At least twice a week, I ride through the ancient streets of Montecarlo and then pass through Pescia and its acres and acres of commercial flower fields. These sessions through the exquisite Tuscan countryside are what I will miss most about Italy and for me the Bartoli was to be my last chance to savor a landscape that is far different than Pennsylvania.
After finally hauling myself up off the road and straightening my handlebars, I remounted my bike and made the first tentative pedal strokes towards the finish line with a pain that I felt came from my heart, and not the almost insignificant scrapes and bruises.
Before I finished the chase group of three riders caught and passed me, and I crossed the line in seventh, Juan and I having swapped our order of finish from the previous week. I was happy for my young team-mate, who is on the cusp of a professional career and will have many great results in the years to come. But I couldn't help feeling bitterly disappointed with my own rotten luck.
There is some cliché about how things can always be worse and, in this case, to my utter frustration and impotence, they were. In my last Italian diary for Cyclingnews.com I wanted to write about what it was like to be team-mates for a day with Cipollini's lead-out man, Gian-Matteo Fagnini, about how it felt to bump shoulders at 50kph with Dimitri Konyshev, about having the luxury of drinking fine espresso every day and the ridiculousness of my not having learned passable Italian despite being here for more than four months. I was going to salute my team-mates but lament our flying off to different continents, perhaps never to see each other again, like a band of soldiers breaking up after that last heroic battle. I even wanted to write about the brilliance of the idea to sell espresso from vending machines, like Lavazza does, and how one of the premier distributors of these machines in this region is located on Via Fausto Coppi.

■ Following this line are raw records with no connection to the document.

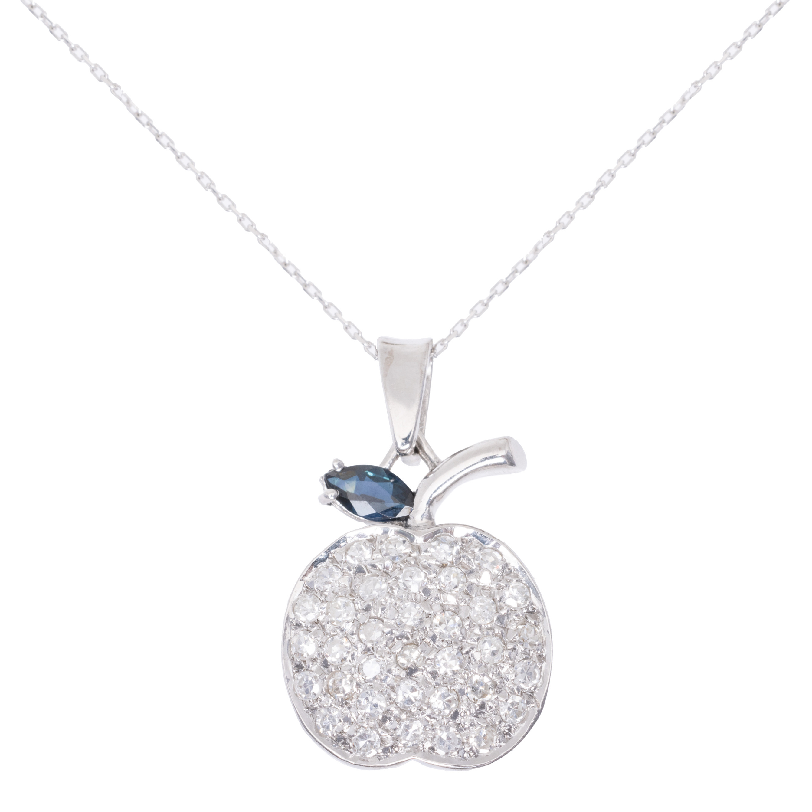 39. Lanț cu pandantiv din aur alb, sub formă de măr, decorat cu safir și diamante, însoțit de certificat gemologic suplimentar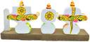 Jagannath World Sudarshan Chakra Blessings: Lord Jagannath Trio on Wooden Singhasana डेकोरेटिव शोपीस - 10 cm (सिरेमिक, बहुरंगी)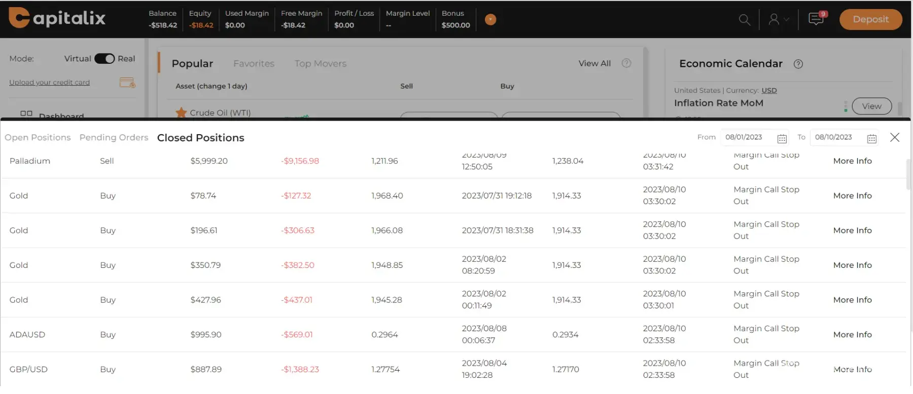 Regrettably, Reyan's advice regarding trades involving AUDUSD, GBPUSD, and Palladium proved to be erroneous, resulting in the complete depletion of my account balance. What's concerning is that these trades were executed without my consent, and CapitalIx closed them on my behalf.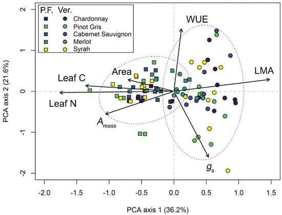 Principal components analysis (PCA) evaluating multivariate trait relationships across five wine grape varieties across two growth stages. Only seven of nine traits quantified in this study were included here, due to strong collinearity in certain traits (see Figure 3). Colours correspond to different varieties, whereas symbols represent different growth stages (post-flowering and veraison, “P.F.” and “Ver.”, respectively). To aid in visualization, also presented here are 95% confidence ellipses surrounding the two different growth stages which explained 22.9% of the variation in the seven traits analyzed here. Associated permutational analysis of variance (PerMANOVA) and relationships between individual traits and PCA axes are presented in Tables S2 and S3. Trait abbreviations are as follows: Amax: light saturated maximum photosynthetic rate on a per-unit leaf area basis; Amass: light saturated maximum photosynthetic rate on a per-unit leaf mass basis; gs: stomatal conductance; WUE: instantaneous water use efficiency; LMA: leaf mass per unit area.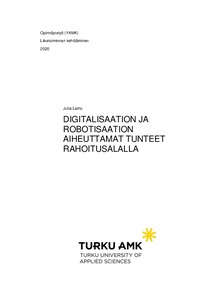 Työn tavoitteena oli tutkia, millaisia tunteita digitalisaation ja robotisaation lisääntyminen rahoitusalalla työskentelevissä toimihenkilöissä aiheuttaa. Lisäksi haluttiin selvittää miksi erilaisia tunteita koetaan sekä miten erilaisiin tunteisiin digitalisaatiota ja robotisaatiota kohtaan voitaisiin vaikuttaa.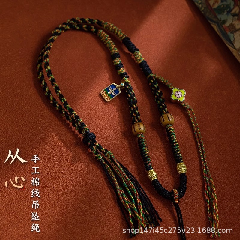 Xizang Handmade Fine-woven Pendant Rope Neck Cloisonne Ethnic Style Thangka Buddha Beeswax Pendant Necklace with Rope

Instead, my head is clouded with negative feelings. I've been stewing in the hospital for almost a week after the 'innocuous' crash last Sunday produced a 125cm³ gluteal haematoma that required surgery to drain. I suffered the ignominy of having a catheter inserted in my penis when I couldn't urinate for six hours after surgery and then succumbed to a urinary tract infection. My team-mates have all flown home, and our planned final celebration was replaced by their passing almost silently through my hospital room in ones and twos to bid me farewell. And now I have lost contact with Yuliet, who naively thought she could escape from Communist Cuba via another country with restrictive civil liberties. Attempts to re-establish contact have been futile.
I love cycling. I think it is one of the most beautiful sports in the world and I was lucky enough to spend ten years as an elite athlete competing across the globe. But right now, I am incredibly frustrated and disheartened. The costs that cycling extracts from the rider - physically, emotionally and materially - are enormous in some cases, and I'm just now realising how skewed my balance sheet is.
Nonetheless, while cycling has created enormous tension in my life it also has given me peace and solace and I'll never be able to leave it behind completely, no matter what I feel right now. I'll keep riding my bike for as long as my body lets me, and I even plan to take on more coaching clients when I get settled back in the States. I've invested too much in this sport to delude myself into thinking that I could ever wash my hands of it. Like Ivan Parra told me in 2003 at the Vuelta a Chile, cycling is like a chronic disease that we can't cure!
But now I must focus on my non-sporting life.